How do the resulting distributions differ from the gamma, transformed gamma, generalized Pareto, and transformed beta (that arose from the α-th conditional tail moment distributions)?

#16 Work out the definitions and properties of a true inverse logistic, inverse logistic and reciprocal inverse logistic family of distributions, analogous to the true inverse Gaussian, inverse Gaussian and reciprocal inverse Gaussian presented in class.

#17 Work out the definitions and properties of a family of severity distributions analogous to the transformed beta family, but based upon transformations of any one (you pick one) of the inverse logistic family of distributions developed in project #16, rather than the log-logistic.

#18 Work out the definitions and properties of a family of severity distributions analogous to the transformed beta family, but based upon transformations of the true inverse Gaussian distribution presented in class rather than the log-logistic.

#19 Prove (or, if a formal proof eludes you, just illustrate and discuss the connections) that the negative binomial is like a Poisson with contagion; i.e. the negative binomial with parameters (r,βt) gives the number of events in time t if the probability of one event in infinitesimal time t to t+dt, conditional on exactly m events having occurred from time 0 to time t, is equal to dt(rβ)((1+m/r)/(1+βt)).   Try to make a similar interpretation of the binomial distribution.

#20 Work out the parameter space for the the (a,b,2) family of frequency distributions; include an analysis of the distributions on the line r = -1, analogous to the geometric (r = 1) and logarithmic distributions (r = 0).  Does any kind of interesting series summation arise (analogous to the geometric and logarithmic series)?

#21 Show (using probability generating functions) that a mixed Poisson distribution with infinitely divisible mixing distribution is also a compound Poisson, and give two specific examples of the phenomenon.  Explain clearly why the infinite divisibility assumption is needed.

#22 (speculative) We have see that the Negative Binomial can be the result of a Poisson mixture or of a compound Poisson.  Can the Binomial distribution be the result of a Poisson mixture or of a compound Poisson?  If so give an example and work out the parameters.  If not, explain what goes wrong.

#23 Prove the Panjer recursion formula for an (a,b,1) primary distribution using Faa’s formula.

#24 Come up with a spreadsheet (or other programming) algorithm to generate sets {j k} with ∑ (k=1, ∞) j k k = n, n=0,1, 2, … Is this efficient enough to warrant replacing Panjer recursion with direct use of Faa’s formula to calculate compound distribution probabilities for (a, b, 0) primary distributions?  Note that this would give you a calculation technique anytime the probability generating function of the primary distribution is known, whether or not there is a recursive feature to it.  Is this an improvement versus brute force convolution?
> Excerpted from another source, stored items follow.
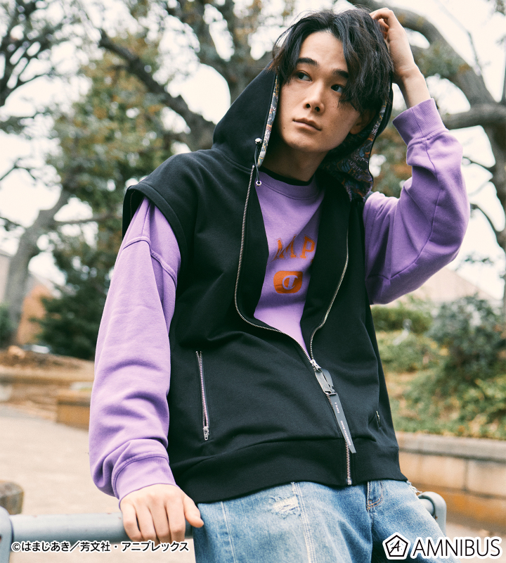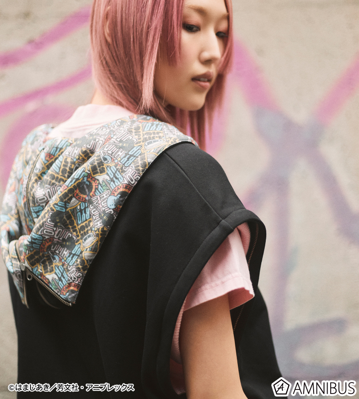 フードの裏地には結束バンドの各メンバーの楽器をデカール風デザインにして、ステッカーボムのようにあしらうことで、ストリート系ファッションのようなカジュアルなコーディネートを楽しむことが出来ます。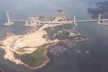 站在中部配水庫的小丘上,眼看一層層厚厚的黃泥將田野覆蓋、填高,亦不斷向中部的田寮村伸延;島上第二高北灣頂慘遭削平,連同面目全非的北灣,及曾經是考古場地的東灣仔,已成為無法踏足的遊人禁地;南面最高的大嶺頭,為了遷就由高架道路上所引下來的支路,北半部的山頭被狠狠的削掉;東灣泳灘,遊人零落,灣畔的設施大樓可有可無。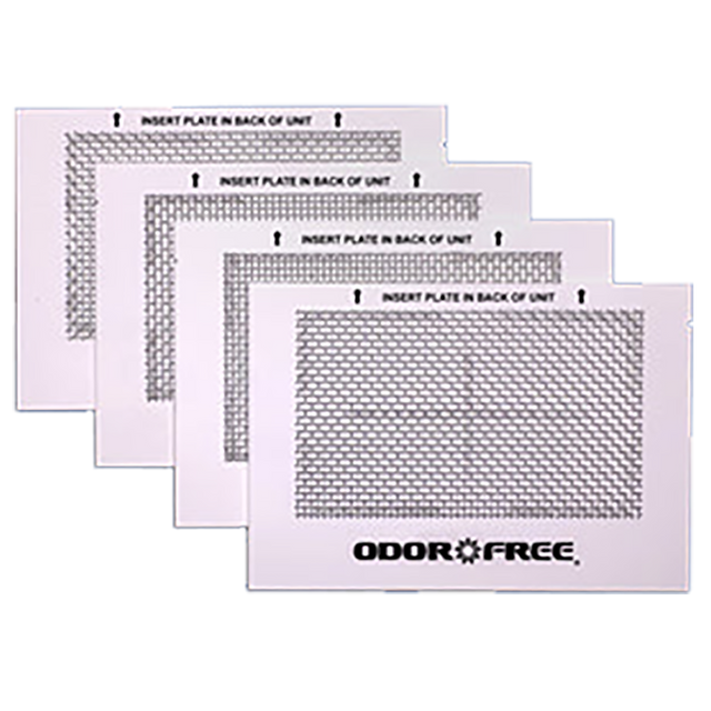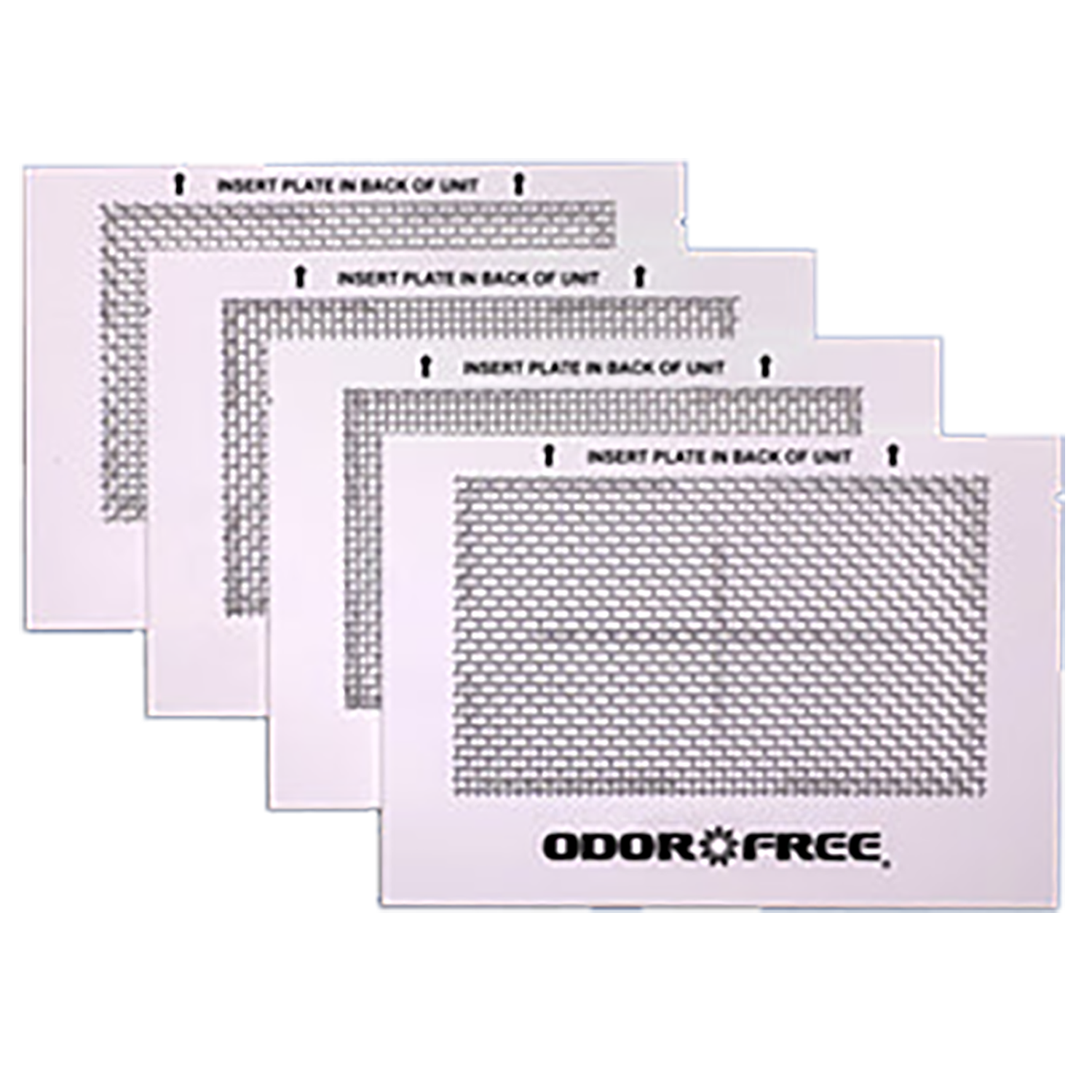 Cleaning the plates is quick and easy. Remove the plates from the back of the Odor Free, treat with a strong detergent, vinegar or bleach, scrub with a brush, and rinse thoroughly with hot water. Allow time for the plates to dry, or use a hairdryer, before re-inserting.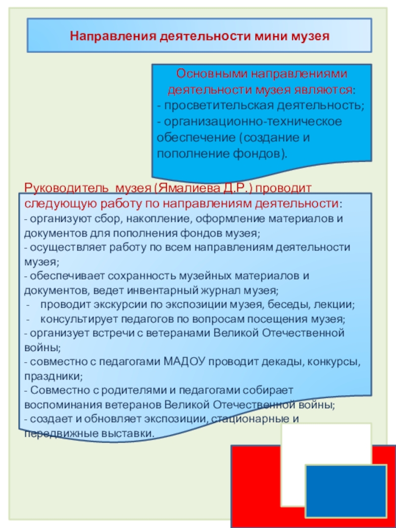 Руководитель музея (Ямалиева Д.Р.) проводит следующую работу по направлениям деятельности:

#25 State and prove a usable generalization of Faa’s Formula for the case of three nested functions.

#26 Develop recursive approximation formulae for E[(x-d)+^3] in terms of E[(x-(d-h))+^3], S, and lower moments of (x-d)+; one formula for the discrete case (stair-step F) and one formula for the continuous case.

#27 Try to copy the development of ruin theory for the compound Poisson process using instead a compound Negative Binomial.   Point out exactly what goes wrong.  (speculative) Can you suggest or follow a way to keep going?